Retirement Planning

Pension – Retirement Planning and It’s Options In India

Pension - Retirement Planning and It's Options In India

Article Summary…..

Plan Adequate Monthly Income For Retirement
Increasing Yearly with Rise Expenses
Monthly Expense today 40000 = 1.54 lacs in 20 Years

Pension - Retirement Planning and It's Options In India

 Administrator  01-09-2017   01-12-2017

"Pension - Retirement Planning and It's Options In India"

Retirement Planning is defined as the process of determination of retirement goals and It is important to plan your finances for comfortable post retirement years. Just buying policies or investment instruments will not ensure that you retire with dignity. Some key factors that act as catalyst for Retirement Planning in India.
  • Less working years than non working years
  • Increasing Life Style
  • Increasing Living Cost
  • Nuclear family culture
  • Advanced Medical Facilities
  • Increasing Medical Cost
  • Absence of Social Security System

Phases of Retirement Planning

Retirement Planning can be divided into various phases and you must understand the importance of every phase and indulge yourself in “good planning” at every phase of retirement.

  1. Accumulation Phase of Retirement:

The accumulation period begin in your working years when start keeping aside some amount of money for your retirement income. At this stage one must manage their spending properly so that they are able to save enough for their retirement income.

  1. Pre-retirement Years:

This phase begin when a person is in his 50s and is near to its retirement. This phase occurs when you in your final years of accumulation, at this point make sure that all your finances are lined properly for your retirement income.

  1. Early Retirement:

This Phase begins from your retirement age and lasts until you are in your 70s.  This phase is important as you communicate all the important information to your legal heirs and you make decisions and plan finances that they will be requiring after you (e.g. estate planning, wills etc.)

  1. Mid-Retirement:

This phase begin when you are in your 70s and continue as long as you are highly functional. Define reasonable steps that your family should take if you suffer from any health issue, make decisions regarding transferring of control and planning your finances for your heirs in a way that do not affect your assets that you have created in your life span.

  1. Late-Retirement:

At this point you require significant amount of help, majorly in terms of health for a proper functioning life. At this stage you must ensure that all the planning that you have done in the prior years is supportive enough for your family.

There are certain expenses after Retirement for which one must make a provision. Some include:

  • Living cost
  • Domestic Help
  • House and Appliance maintenance
  • Monthly medical cost
  • Medical Emergencies
  • Gifts to grand kids
  • Dream Vacations
  • Life Style Expenses

Factors considered while planning for retirement

  • Don’t plan retirement in isolation.
  • Start planning your retirement as early as you realize.
  • Get a comprehensive Retirement Plan with your existing assets and the new contribution to be made.
  • Keep it simple
  • Don’t stop or postpone your investments.
  • After retirement look for returns after Tax and Inflation adjustment

Options Available for Retirement Planning

Retirement Planning must be done with great care and responsibly. There are various kinds of schemes that are available for retirement planning. These include:

  • NPS: New Pension Scheme is a retirement product that is open to all individuals. The scheme is mandatory for the government employees. This scheme has the exposure into equity and equity related schemes which is a great feature under this scheme and can help the investor in the long run. Besides this, the scheme provides the benefit under 80C of the Income Tax Act.

  • EPF: EPF or the Employee provident Fund Is the most common retirement planning scheme. EPF provides the deduction of benefit of 1 lakh under 80 C of the Income Tax Act; interest on your EPF account is tax free and the withdrawal is also tax free if there is a continued service of 5 years minimum. It is important to stay invested in this scheme to reap the benefits o f guaranteed return.

  • SCSS: Senior Citizen Saving Schemes is the most common scheme among the retired people. As the name suggests that the scheme is only available for the early retirees and senior citizens.

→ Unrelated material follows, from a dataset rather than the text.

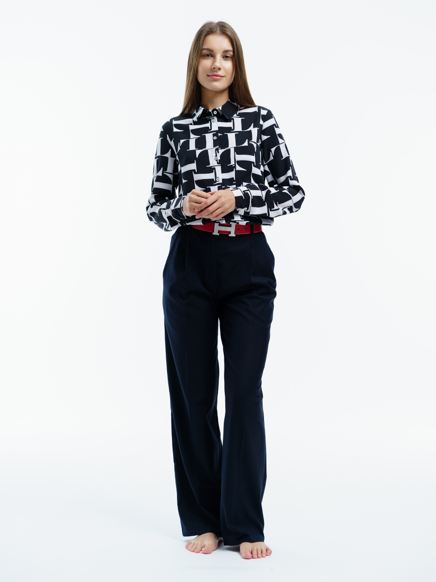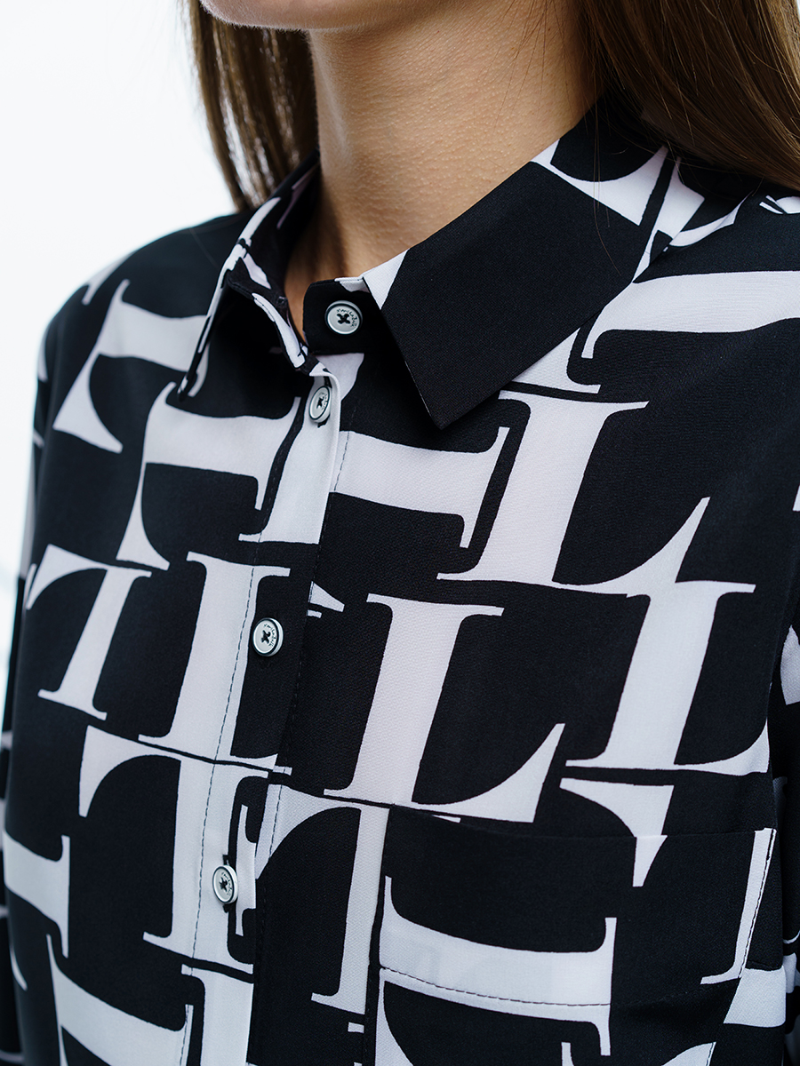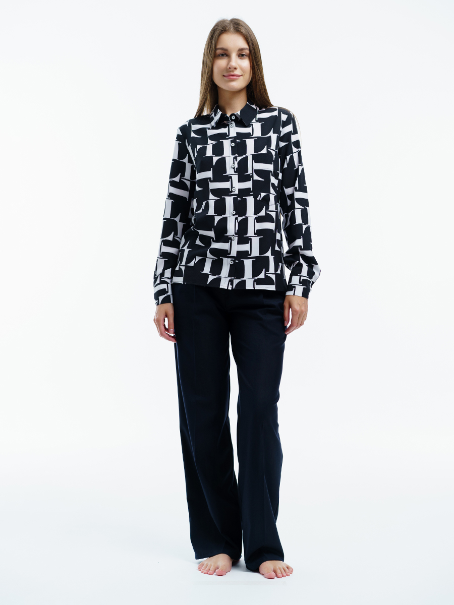 Одна из самых необходимых вещей в любом гардеробе – классическая блузка. Manika Belle представляет вашему вниманию стильную блузку. Она свободного кроя, классического черного цвета с принтом, с отложным воротничком, большим нагрудным карманом. Рукава с манжетами застегиваются на две пуговицы. Такая прекрасная рубашка дополнит ваш повседневный гардероб. Ее легко сочетать с любой одеждой, или в дуэте с брюками 403/04/3 или брюками 402/06/2 от Manika Belle. Эта классическая блуза уместна в любой обстановке: в офисе, на отдыхе, в повседневных делах.

SCSS can be availed either through post office or nationalised banks.

  • POMIS: Post office Monthly Income Scheme is a five year investment scheme with the maximum cap of 9 lakh under joint account and 4.5 lakh under single joint. The interest rate under this scheme is payable on a monthly basis. This scheme does not qualify for any kind of tax benefit and the interest is fully taxable.

  • Bank FDs: Bank FD is another popular investment scheme among the retired persons. The safety and the fixed returns that these schemes provide make a reliable source of investment among the retired people.

  • Tax free bonds: Tax free bonds are generally issued by the government backed institutions and are highly safest investment tools. These can be purchased and sold at the stock exchanges as these are listed securities. This tool is beneficial only when the investor is planning finances for long term.

  • Immediate Annuities: Retired ones can also consider the various immediate annuity schemes provided by the life insurance companies or the mutual funds. These schemes invest your money and diversify among various asset classes with the aim of providing monthly amount to the retiree.

Besides these schemes, there are many other instruments that are available which the investor can avail as per his requirements but always remember that one must not delay his retirement planning and start as early as you can.